Ехал посланник, ехал и размышлял. Было ему известно, каковы условия мира, и оттого тяжело было у него на душе. Мира желал он, ибо любил страну свою, но жениться на принцессе Рифее совсем не желал он, ибо любил другую, да и принцесса была совсем ещё девочкой. Но воля короля – закон, и знал Гордей, что придётся подчиниться.
Долго ли, коротко ли, наконец Гордей прибыл в королевский замок Энпицесии и немедля отправился к королю. Тот как раз принимал сына своего, наследного принца Прохора, но прибывшего с ответом племянника распорядился впустить.
Вошёл Гордей в тронный зал, опустился перед троном на одно колено и подал почтительно свиток запечатанный.
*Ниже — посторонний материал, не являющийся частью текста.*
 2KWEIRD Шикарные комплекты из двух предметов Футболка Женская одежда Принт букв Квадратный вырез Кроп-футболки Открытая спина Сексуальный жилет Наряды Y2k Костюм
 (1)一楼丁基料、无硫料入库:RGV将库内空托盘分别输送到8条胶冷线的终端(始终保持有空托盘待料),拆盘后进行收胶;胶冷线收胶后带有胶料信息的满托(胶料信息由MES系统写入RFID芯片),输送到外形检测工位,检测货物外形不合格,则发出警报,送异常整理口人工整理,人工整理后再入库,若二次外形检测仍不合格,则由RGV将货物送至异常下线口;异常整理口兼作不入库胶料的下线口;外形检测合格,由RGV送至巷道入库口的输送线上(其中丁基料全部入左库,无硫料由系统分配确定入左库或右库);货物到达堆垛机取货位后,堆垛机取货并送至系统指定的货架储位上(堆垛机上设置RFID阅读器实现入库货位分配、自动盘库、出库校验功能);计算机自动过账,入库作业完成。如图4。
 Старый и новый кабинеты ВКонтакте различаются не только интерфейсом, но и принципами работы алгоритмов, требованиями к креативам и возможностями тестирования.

Взял король свиток, раскрыл, стал читать.
– Какие вести, отец? – спросил принц Прохор, ибо был он юношей нетерпеливым.
Не сразу ответил король, размышляя, но наконец выпрямился и произнёс:
– Вести хорошие. Всё складывается даже лучше, чем я замышлял. Поднимись, Гордей, у меня для тебя новое поручение.
Послушно поднялся Гордей с колен, хоть усталость от долгого пути и томила его.
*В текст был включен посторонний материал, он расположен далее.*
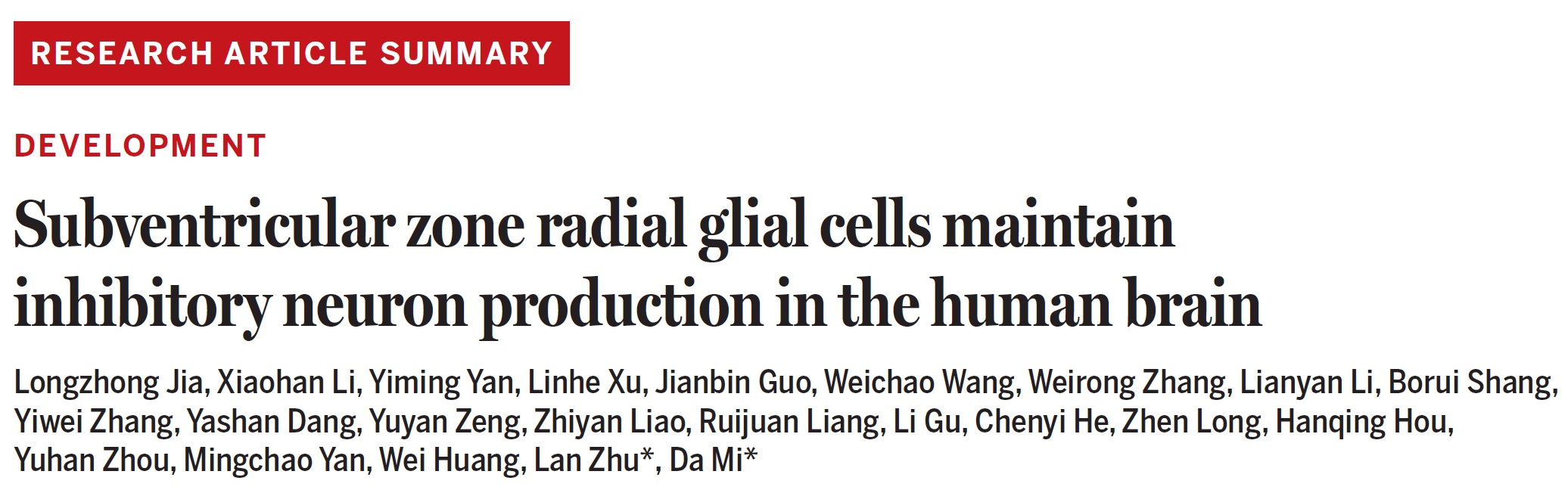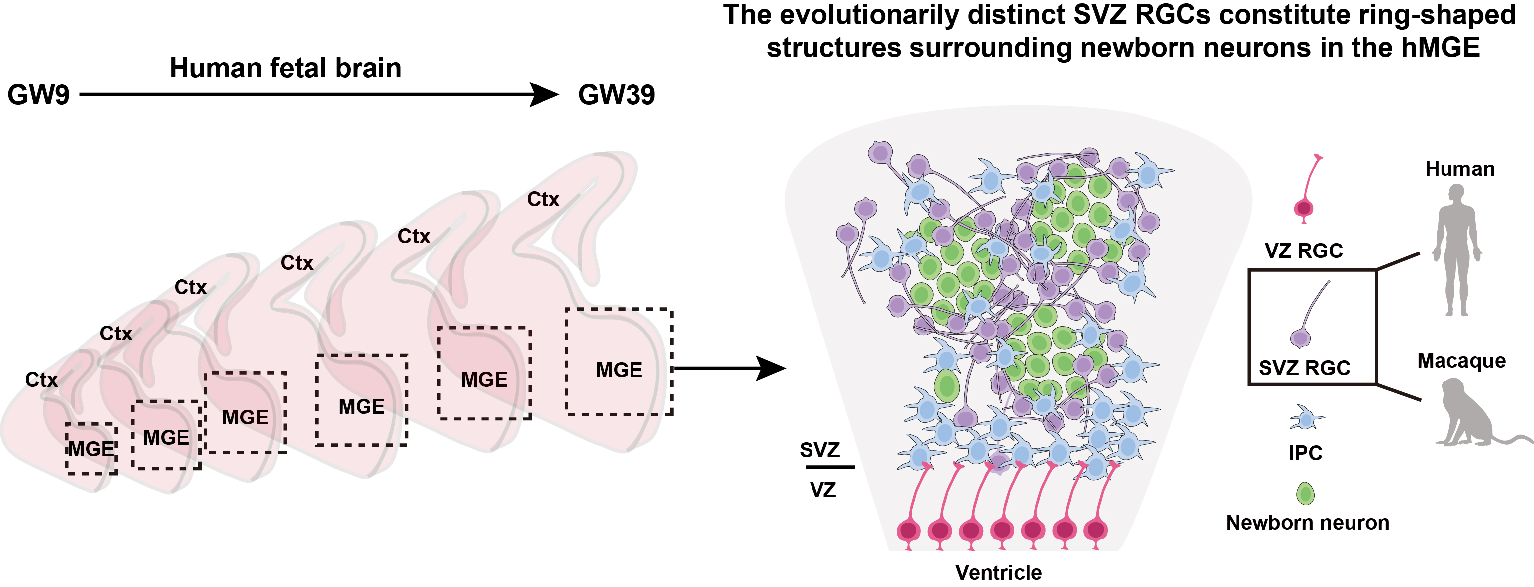 2026年1月15日,实验室米达团队联合中国医学科学院北京协和医院朱兰院士团队在《科学》(Science) 发表了一项突破性研究“脑室下区放射状胶质细胞维持人脑抑制性神经元的持续产生” (Subventricular zone radial glial cells maintain inhibitory neuron production in the human brain)。该研究聚焦人脑动态发育过程,基于珍贵样本系统绘制了人类大脑内侧神经节隆起(MGE)脑区的细胞发育图谱,首次在人类胎儿大脑中发现了一类独特的神经干细胞类型—— SVZ RGC(脑室下区放射状胶质细胞),并揭示SVZ RGC在人类妊娠期中持续产生抑制性神经元和神经胶质细胞,从而增加了人类大脑皮层抑制性神经元的数量及比例。这项研究为深入理解人类特有的大脑抑制性神经元发育机制和在进化上大脑皮层扩张机制提供了重要理论基础。鉴于抑制性神经元的功能缺陷与癫痫、自闭症等多种神经系统疾病密切相关,这类新型神经干细胞的发现将为未来相关疾病的潜在干预策略开辟新的方向。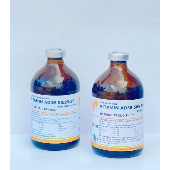 VITAMIN AD3E 50/25/20 - PHÒNG VÀ TRỊ CÁC BỆNH DO THIẾU HỤT VITAMIN TRÊN TRÂU, BÒ, NGỰA, DÊ, CỪU, LỢN

– Что мне сделать для вас, милорд? – сказал он тихо.
– Пока только слушай, – усмехнулся король. – Ты, я думаю, понимаешь, с какой целью я затеял эти переговоры? Я хочу присоединить Чиллию к своим владениям, и, если нельзя сделать это силой, придётся пустить в ход хитрость. Их король немолод, а сыновей у него всё нет. При таких обстоятельствах власть перейдёт к одной из дочерей. Но если старшая дочь будет замужем за мной, средняя – за моим сыном, а младшая – за тобой, трон Чиллии перейдёт к нам, ко мне... При условии, что прямых наследников не будет. Понимаешь, что это значит? Король их, может, и немолод, а вот королева ещё в подходящем возрасте, и если у неё появится ребёнок, она может сказать, что это – ребёнок короля. Можем ли мы это допустить? Можем ли, племянник мой?
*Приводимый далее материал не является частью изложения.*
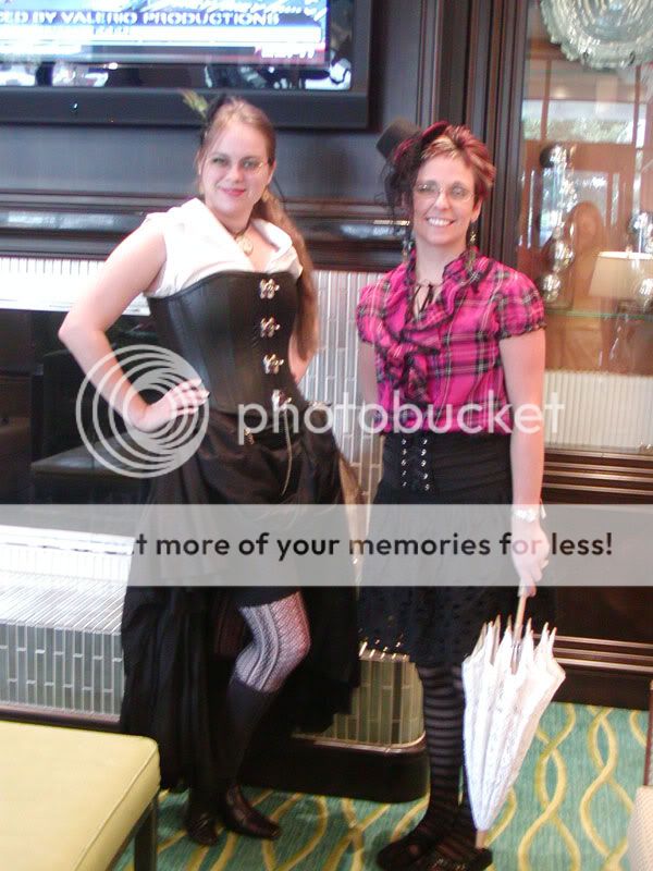 http://i4.photobucket.com/albums/y12...nsteampunk.jpg ^ My steampunk outfit for conventions. xD (I'd be the girl on the left, of course. The girl on the right is my sister-in-law. xD) |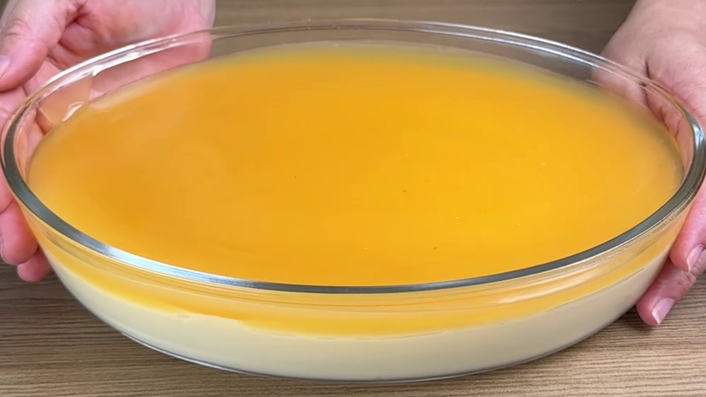 - Despeje o caramelo sobre a base de leite e leve à geladeira por mais 40 minutos.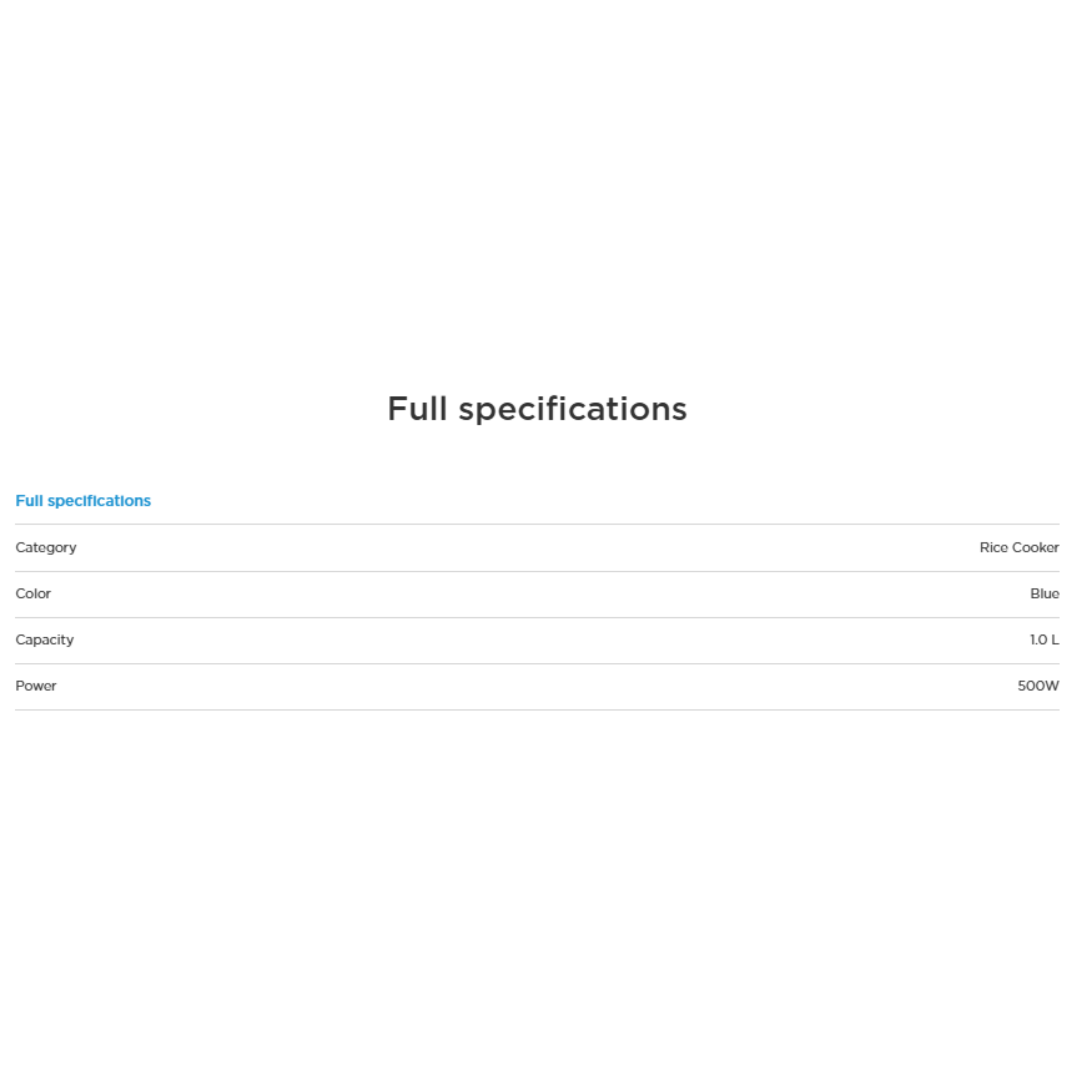 Midea 1.0L Conventional Rice Cooker MR-GM10SDA-B Features: - Capacity: 1.0L - Simple Operation - Keep Warm Function - Aluminium Inner Pot Warranty: 1 Year General Warranty

Молча слушал Гордей речь короля, не поднимая взгляда, но на прямой вопрос ответить должен был – и ответил:
– Если так случится, милорд, ваши усилия будут бесполезны.
– Верно, – улыбнулся король. – Если появится наследник, всё будет бесполезно, королевства не объединятся. И снова будет вражда, снова будут умирать люди... Ты ведь не хочешь этого, племянник мой? Кто знает, что может случиться на войне. Сражения уже ведутся на границе владений герцога Ямакавского, твоего отца, и он сражается храбро, но долго ли будет хранить его Господь?
– Да, милорд, я не люблю войны, – отвечал Гордей. – Я хочу мира.
– Значит, ты понимаешь, что за поручения у меня к тебе будут, – король поднялся с трона. – Вы с сыном моим Прохором завтра же утром отправитесь в Чиллию. Ты отдашь письмо моё королю и останешься в замке как заложник доброй воли моей, а также как гость и как жених. Жить ты будешь отныне при их дворе твоей невесты, после свадьбы же... Поглядим.
– Отец, зачем мне ехать? – вмешался принц Прохор. Глянул на него король строго:
– Ты сопровождать будешь невест наших к моему двору, – сухо произнёс он, а затем снова обратился к Гордею: – Племянник мой, всё ли ты понял? Готов ли исполнить все мои поручения?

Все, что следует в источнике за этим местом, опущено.